7. Because there is an unknown but potential risk for adverse events in nursing infants secondary to treatment of the mother with E7 TCR T cells, breastfeeding should be discontinued if the mother is treated with E7 TCR T cells. These potential risks may also apply to other agents used in this study.

8. Participants with a systemic immunodeficiency including acquired deficiency such as HIV or primary immunodeficiency such as Severe Combined Immunodeficiency Disease are ineligible. The experimental treatment being evaluated in this protocol depends on an intact immune system. Participants who have decreased immune competence may be less responsive to the treatment.

9. Participants on immunosuppressive drugs including corticosteroids unless meeting criteria outlined in Section 6.1 (Prohibited Medications).

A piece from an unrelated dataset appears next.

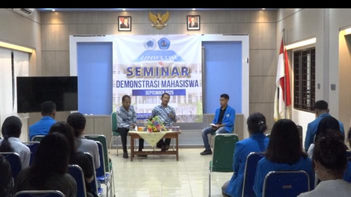 POS-KUPANG.COM - Aula Universitas Flores (Uniflor) menjadi pusat kegiatan seminar bertema "Domonstrasi Mahasiswa" yang digelar pada Rabu 17 September 2025. Acara yang diselenggarakan BEM Uniflor Ende ini bertujuan mengajak mahasiswa untuk memahami praktik demokrasi yang baik, menjaga persatuan dan kesatuan, menolak anarkisme dan provokasi, melawan isu negatif, serta menciptakan situasi kondusif di Pulau Flores.

10. Participants with potentially severe autoimmune diseases such as Crohn's disease, ulcerative colitis, rheumatoid arthritis, autoimmune hepatitis, autoimmune pancreatitis, or systemic lupus erythematosus are not eligible. Patients with less severe autoimmune diseases such as hypothyroidism, vitiligo, and other minor autoimmune disorders are eligible.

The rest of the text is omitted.